The Journal of bone and joint surgery. American volumeRandomized Controlled Trial
18 Dec 2024
Myocardial injury after a hip fracture is common and has a poor prognosis. Patients with a hip fracture and myocardial injury may benefit from accelerated surgery to remove the physiological stress associated with the hip fracture. This study aimed to determine if accelerated surgery is superior to standard care in terms of the 90-day risk of death in patients with a hip fracture who presented with an elevated cardiac biomarker/enzyme measurement at hospital arrival.

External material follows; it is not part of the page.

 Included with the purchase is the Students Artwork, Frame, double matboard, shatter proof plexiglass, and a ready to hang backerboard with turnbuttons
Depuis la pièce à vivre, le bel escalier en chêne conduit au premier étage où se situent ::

The HIP fracture Accelerated surgical TreaTment And Care tracK (HIP ATTACK) trial was a randomized controlled trial designed to determine whether accelerated surgery for hip fracture was superior to standard care in reducing death or major complications. This substudy is a post-hoc analysis of 1392 patients (from the original study of 2970 patients) who had a cardiac biomarker/enzyme measurement (>99.9% had a troponin measurement and thus "troponin" is the term used throughout the paper) at hospital arrival. The primary outcome was all-cause mortality. The secondary composite outcome included all-cause mortality and non-fatal myocardial infarction, stroke, and congestive heart failure 90 days after randomization.

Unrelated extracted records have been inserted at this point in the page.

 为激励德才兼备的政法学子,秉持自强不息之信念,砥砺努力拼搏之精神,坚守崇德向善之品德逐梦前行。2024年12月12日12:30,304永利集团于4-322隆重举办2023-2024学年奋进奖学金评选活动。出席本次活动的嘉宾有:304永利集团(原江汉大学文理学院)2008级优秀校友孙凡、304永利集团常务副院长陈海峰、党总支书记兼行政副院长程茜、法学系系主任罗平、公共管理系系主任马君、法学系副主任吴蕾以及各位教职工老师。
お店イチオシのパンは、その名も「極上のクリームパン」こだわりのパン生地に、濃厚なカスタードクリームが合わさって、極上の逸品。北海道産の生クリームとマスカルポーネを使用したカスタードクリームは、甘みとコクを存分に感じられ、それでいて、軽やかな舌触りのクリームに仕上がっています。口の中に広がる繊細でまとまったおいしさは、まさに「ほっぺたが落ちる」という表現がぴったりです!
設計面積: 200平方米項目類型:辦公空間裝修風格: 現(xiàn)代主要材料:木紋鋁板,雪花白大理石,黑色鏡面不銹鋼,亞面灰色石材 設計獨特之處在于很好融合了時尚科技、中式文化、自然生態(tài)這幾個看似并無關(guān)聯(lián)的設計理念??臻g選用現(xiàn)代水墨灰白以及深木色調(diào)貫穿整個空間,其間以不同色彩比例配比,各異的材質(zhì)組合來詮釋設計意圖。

Three hundred and twenty-two (23%) of the 1392 patients had troponin elevation at hospital arrival. Among the patients with troponin elevation, the median time from hip fracture diagnosis to surgery was 6 hours (interquartile range [IQR] = 5 to 13) in the accelerated surgery group and 29 hours (IQR = 19 to 52) in the standard care group. Patients with troponin elevation had a lower risk of mortality with accelerated surgery compared with standard care (17 [10%] of 163 versus 36 [23%] of 159; hazard ratio [HR] = 0.43 [95% confidence interval (CI) = 0.24 to 0.77]) and a lower risk of the secondary composite outcome (23 [14%] of 163 versus 47 [30%] of 159; HR = 0.43 [95% CI = 0.26 to 0.72]).

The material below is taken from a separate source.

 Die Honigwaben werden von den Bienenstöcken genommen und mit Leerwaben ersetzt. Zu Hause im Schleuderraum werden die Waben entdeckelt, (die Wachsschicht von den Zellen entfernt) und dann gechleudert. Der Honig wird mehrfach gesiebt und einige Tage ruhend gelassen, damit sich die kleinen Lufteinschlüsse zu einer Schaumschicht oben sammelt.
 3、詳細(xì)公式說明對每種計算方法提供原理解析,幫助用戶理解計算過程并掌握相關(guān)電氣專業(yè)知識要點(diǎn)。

One in 5 patients with a hip fracture presented with myocardial injury. Accelerated surgery resulted in a lower mortality risk than standard care for these patients; however, these findings need to be confirmed.
Therapeutic Level I . See Instructions for Authors for a complete description of levels of evidence.
Disclosure: The HIP ATTACK-1 trial was supported by the Canadian Institutes of Health Research, the Ontario Strategy for Patient Oriented Research Support Unit, the Ontario Ministry of Health and Long-Term Care, the Hamilton Health Sciences Foundation, the Physicians’ Services Incorporated Foundation, the Michael G. DeGroote Institute for Pain Research and Care, Smith & Nephew (to recruit patients in Spain), and Indiegogo Crowdfunding. This substudy received funding from a McMaster General Internal Medicine Research Grant. Funders had no role in the study design, conduct, analyses, or manuscript preparation. The Disclosure of Potential Conflicts of Interest forms are provided with the online version of the article ( http://links.lww.com/JBJS/I117 ).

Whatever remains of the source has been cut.